# Cold, Wet, Monday Morning Bulls



## Pompano Joe (Jan 28, 2009)

Not the best weather this morning, but didn't want to miss the chance to fish with former area resident, friend and pastor Dan Sexton. Wind was blowing out of the North and we got a little wet, but, thank God, a productive outing. Dan caught a couple of Bulls and the biggest at around 36 inches. The others were similar in size, but a little smaller. All caught long on frozen shrimp and live fleas. The hot rod today was my new 13' Tommy Farmer Carolina Cast Pro (thanks JC) paired with a bone stock Abu Garcia Ambassadeur 6500 C3 (thanks Sawyer). Dan was stoked, and that's all that mattered.


----------



## ThaFish (Feb 27, 2013)

Beautiful C3 there Joe. Must have been a good friend that hooked ya up with that one.  

Way to get out there in the cold & put the heat on 'em!


----------



## Pilar (Oct 28, 2014)

Landing those fish, who noticed the weather?! Nice catch!


----------



## doggfish (Oct 30, 2009)

super fish....just curious how far out were they?

doggfish

your best friend you have never met


----------



## cobe killer (Apr 13, 2008)

nice reds!!! when the fish r biting the weather is always good!!!!


----------



## Pompano Joe (Jan 28, 2009)

doggfish said:


> ....just curious how far out were they?

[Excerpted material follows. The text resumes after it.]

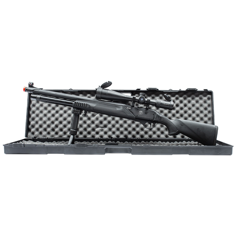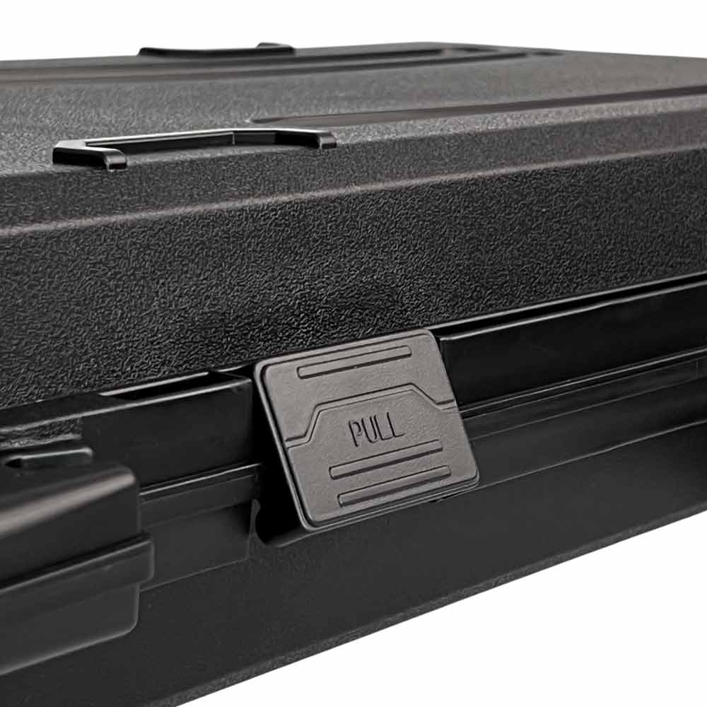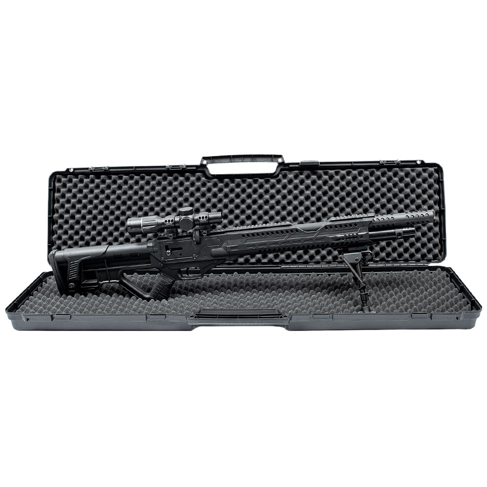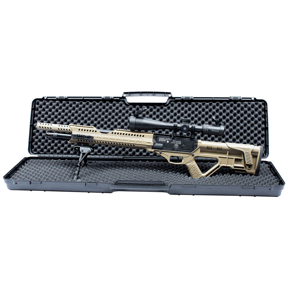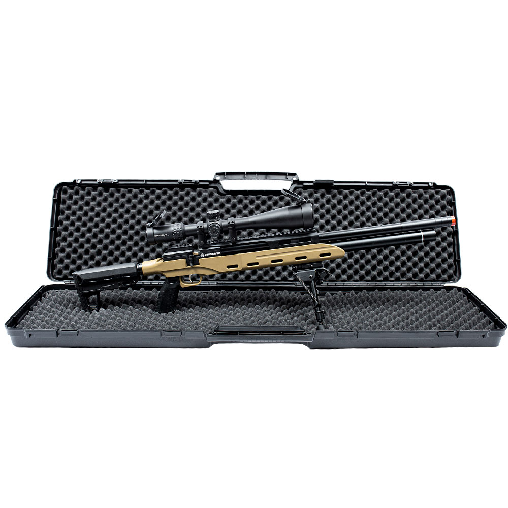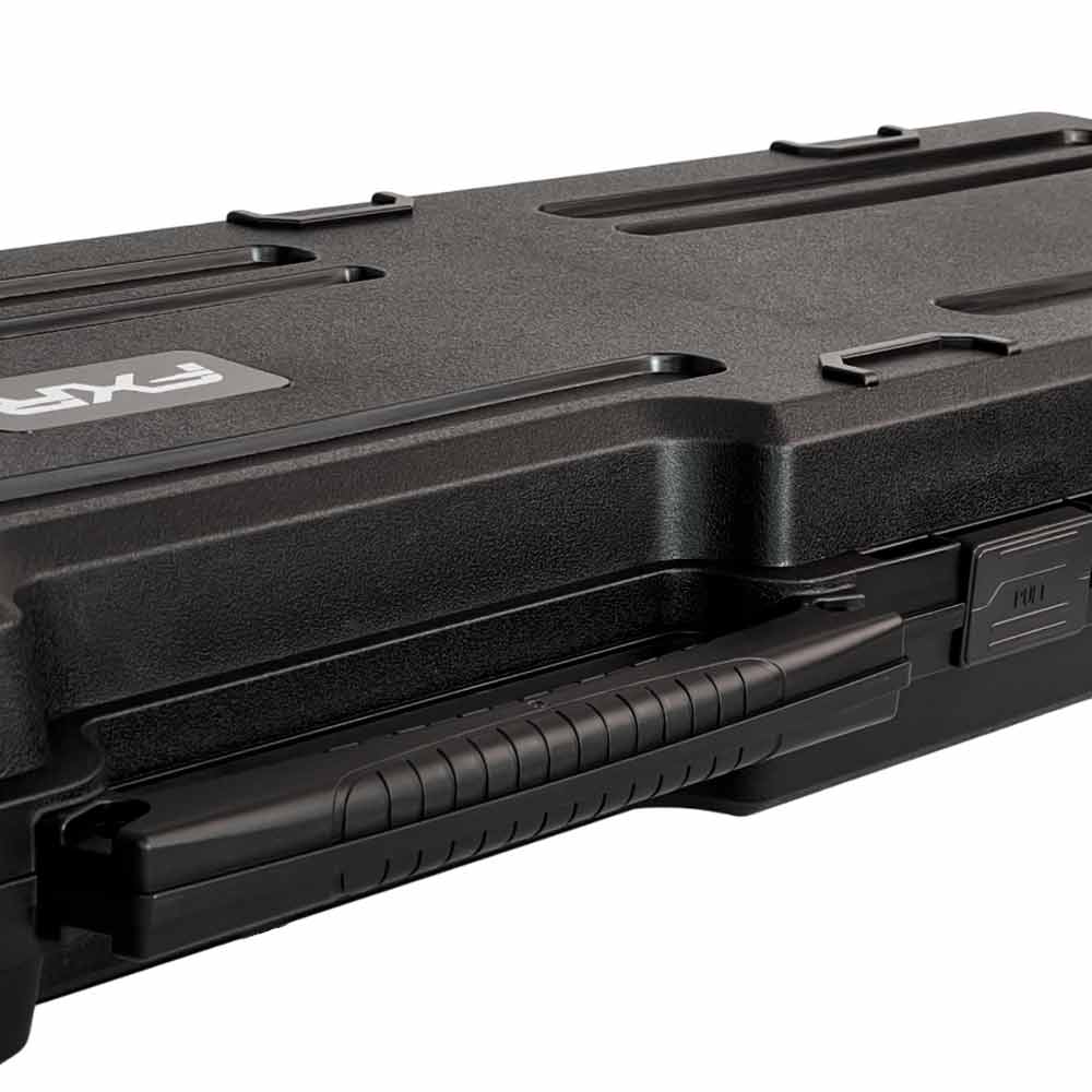 O Case rígido FXR para carabina mede 120 x 30 x 12 cm externamente e 119 x 29 x 10 cm internamente, pesa 3 kg e oferece proteção completa graças à construção em polipropileno moldado ultra durável, espuma interna espessa do tipo caixa de ovo para amortecimento, vedação por O-ring com nível IP65 contra poeira e respingos, quatro travas de alta eficiência, orifícios duplos para cadeado e alça lateral ergonômica para facilitar o transporte, sendo a escolha ideal para quem precisa guardar ou deslocar armas longas com segurança e resistência a impactos.

I would guess close to 100 yards. There was an incoming tide and I was fishing just inside the bar brake.


----------



## GROUPERKING (Sep 28, 2011)

Go Joe !


----------



## Smittenheimer (Feb 2, 2015)

Pompano Joe. First off very nice fish. Second, I was told you fix reels and also sell rods and reels. I have a pen 113 I think that's what it is. It needs some work. I was wondering if you could take a look at it for me and see what you could do. I'm also looking for a few combos to purchase. If you could assist me I would greatly appreciate it. 
Thanks, Chris


----------



## jcallaham (Dec 13, 2009)

Good way to break in a new rod joe


----------



## Pompano Joe (Jan 28, 2009)

Smittenheimer said:


> Pompano Joe. First off very nice fish. Second, I was told you fix reels and also sell rods and reels. I have a pen 113 I think that's what it is. It needs some work. I was wondering if you could take a look at it for me and see what you could do. I'm also looking for a few combos to purchase. If you could assist me I would greatly appreciate it.
> Thanks, Chris


Give me a call Chris…I'll be glad to help. 850-516-2409


----------



## Pompano Joe (Jan 28, 2009)

jcallaham said:


> Good way to break in a new rod joe


My favorite rods always come from you! Love the length with the softer tip.


----------



## fishin for pompanos (May 10, 2012)

Great job on landing those Bulls there Joe. Always nice to see photos of the catch. I can't wait to get started fishing this year...


----------